Recommended: Moody – Why Do U Feel EP

Where to start with this one? First, we’re sorry we didn’t post it sooner – the timing of its summer release so perfectly suits what’s found within. Under his Moody guise, Kenny Dixon Jr has crafted a trio of songs for late afternoons with warm breezes, though as the seasons change we’re just as happy to reappropriate them for chilly winter mornings in bed. The EP’s title track “Why Do U Feel” functions as its opener as well, starting off quietly enough to have you second-guess whether you’re actually listening to a Detroit legend or Nicolas Jaar. A crooning female vocal weaves in and out as the backdrop skips around like a radio dial scanning aimlessly across faded waves. It pauses here and there on a number of different sounds, any of which could lay grounds for the rest of the track to progress. It’s only tied together following the 2-minute mark with the introduction of a lovely warm kick, and suddenly it all makes sense.

Stream: Moody – Why Do U Feel (KDJ Records)

I Got Werk” is lo-fi and crackling, filled with its muffled conversations, handclaps, and KDJ’s own voice singing the hook. It’s so close to the soulful roots of house that we almost forgot that that’s what it was, being so far removed to its glossed-out relatives, but what a shining example it is. The lively yet cool and collected jam rolls along at a steady 121bpm, definitely making it the most playable selection of the release. The corresponding video, posted on Mahogani Music‘s YouTube back in July, is a great accompaniment and it’s lovely to see Moody so deeply involved with every aspect of the record all the way to appearing in his own video (which you can stream after the jump).

We were hoping that the EP’s closer, called “Born 2 Die,” received that name as a coincidence, but it turns out that Lana del Rey really is that ubiquitous. Perhaps Moody is to be applauded for being this indifferent and sampling as he pleases: after all, given his back catalogue, he can do whatever he wants. Maybe it’s genuine, maybe LDR provided exactly what he was looking for. Maybe it’s a ruse to deter any of listeners that would be so ruffled by a Del Rey sample as to stop listening and turn to something else (in which case, he probably wouldn’t want you listening anyway).

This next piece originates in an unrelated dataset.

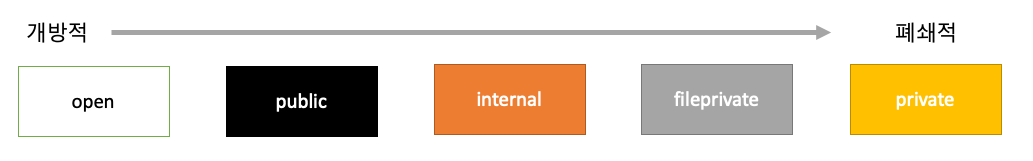 Swift의 접근제어자는 단계별로 5개의 단계가 있습니다.

If statement-making was on the agenda, then expert treatment of the contentious sample would be most influential in persuading the abandoning of biases against those cashing in on the LDR craze. Unfortunately, the languorous vocal simply drags the song down, no matter whose it is. We thought that maybe LDR’s forever-summer aesthetic could have backed up the vibe of the EP so far, but it’s almost as if her lifelessness has the power to infect everything around it, even draining KDJ’s ability to work his magic. Luckily, the first two-thirds of the release are enchanting enough that we’d have enjoyed the EP equally as much with the exclusion of the last track altogether.

Moody’s “Why Do U Feel” EP was released in July and is sold out basically everywhere.